To collect events older than the past 24 hours, before setting up the CRON job for cron_vcenter_events.sh, run the script as following:

python3 events.py --server <vcenter server> --target <syslog host> --targetPort 
<syslog host port> --optBeginTime <time>

Step 4: Encrypt passwords

The scripts support symmetric authenticated cryptography—also known as secret key authentication—using the python Fernet implementation.

To utilize encryption, generate a key from the python command line:

>>> from cryptography.fernet import Fernet
>>> print(Fernet.generate_key())
b'xgb8NJ3ZYPJbzX6vWHySZbLd73bKWPsGMKoSnry7hL4='

Encrypt the password, from the python command line:

>>> from cryptography.fernet import Fernet
>>> key = b'xgb8NJ3ZYPJbzX6vWHySZbLd73bKWPsGMKoSnry7hL4='
>>> s = Fernet(key)
>>> text = s.encrypt(b"secretpassword")
>>> print(text)
b'gAAAAABb6asvlRfxEj_ZQTKOyrqnGNMbfo_kpxrqv4DCO6TorS4FmKFzrepe0_xtiMT67ZT6OOf5bfrVZXNnUDFNlwPWrpFSfg=='
Modify the scripts to include the encrypted password and the key 

Example for Metrics:

python3 esx_perf_metrics_6_5.py -u [username] -pK 'xgb8NJ3ZYPJbzX6vWHySZbLd73bKWPsGMKoSnry7hL4=' -p 'gAAAAABb6asvlRfxEj_ZQTKOyrqnGNMbfo_kpxrqv4DCO6TorS4FmKFzrepe0_xtiMT67ZT6OOf5bfrVZXNnUDFNlwPWrpFSfg==' -s 192.168.20.121 -t 127.0.0.1 -to 2003 -cf sumo.json -pE True

Example for Events:

python3 events.py -s 192.168.20.121 -u [username] -f outfile -pK 'xgb8NJ3ZYPJbzX6vWHySZbLd73bKWPsGMKoSnry7hL4=' -p 'gAAAAABb6asvlRfxEj_ZQTKOyrqnGNMbfo_kpxrqv4DCO6TorS4FmKFzrepe0_xtiMT67ZT6OOf5bfrVZXNnUDFNlwPWrpFSfg==' -pE True

Sample log message

2018-11-15 17:39:09.569 +0530 ,,, message=Error detected for sumo-win2k8-a-4 on xx1.sumolabs.com 
in Production1-West: Agent can't send heartbeats.msg size: 612, sendto() returned: Operation not 
permitted.,,,eventType=<class 'pyVmomi.VmomiSupport.vim.event.GeneralVmErrorEvent'>,,,
vm=ubuntu16.04-b-4,,,host=8df.sumolabs.com,,,datacenter=Production3-East,,,
computeResource=esx1.sumolabscluster.com,,,key=3553,,,chainId=3269

Sample query

The following query is from the vSphere Errors Trend panel of the vCenter Errors - Analysis Dashboard.

_sourceCategory = Labs/VMWare6.5 and ("error" or "fail" or "critical")
| parse "message=*,,," as err_msg
| parse "host=*,,," as esx_host
| parse "eventType=*,,," as event_type
| parse "vm=*,,," as vm nodrop
| parse "computeResource=*,,," as cluster
| where esx_host matches {{esx_host}} and cluster matches {{cluster}} and event_type matches {{event_type}}
| timeslice 1h
| count(err_msg) as err_count by _timeslice
| compare with timeshift 1d 7

Troubleshooting

  • The scripts need read and write access to the directory to generate logs and maintain timestamps.

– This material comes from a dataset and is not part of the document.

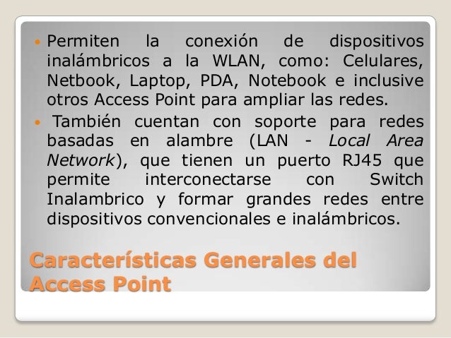 4. 4. Características Generales del Access Point  Permiten la conexión de dispositivos inalámbricos a la WLAN, como: Celulares, Netbook, Laptop, PDA, Notebook e inclusive otros Access Point para ampliar las redes.  También cuentan con soporte para redes basadas en alambre (LAN - Local Area Network), que tienen un puerto RJ45 que permite interconectarse con Switch Inalambrico y formar grandes redes entre dispositivos convencionales e inalámbricos.

  • Python must be installed, as the scripts use python.

  • Scripts generate logs which can be reviewed if problems arise.

  • The logs are generated for each run under the configured working directory.

  • The scripts must connect to a vCenter server and not an ESXi server, as many of the APIs are not supported on ESXi servers.

  • If the collector is not running but the script is, the metrics and events will be lost. In such a case, once the collector is running again, update the timestamp in the files .timelog_events and .timelog_metrics to the required start time. This will allow you to retrieve the old data. After the script retrieves the old data, it continues with normal processing.

  • vSphere pyvmomi sdk throws Parse Exception for some events.

    • If you face any issues like these, remove the corresponding event from the events list in the file vmware_constants.py.

    • If an event is missing from the event list, it can be added as well.

    • If the issues are fixed in the sdk, the below list can be blanked as event_type_list = [] to retrieve all the events.

    • If following error is encountered: “pyVmomi.VmomiSupport.UnknownWsdlTypeError: 'ContentLibrary'”, remove TaskEvent and EventEx from the vmware_constants.py and try again.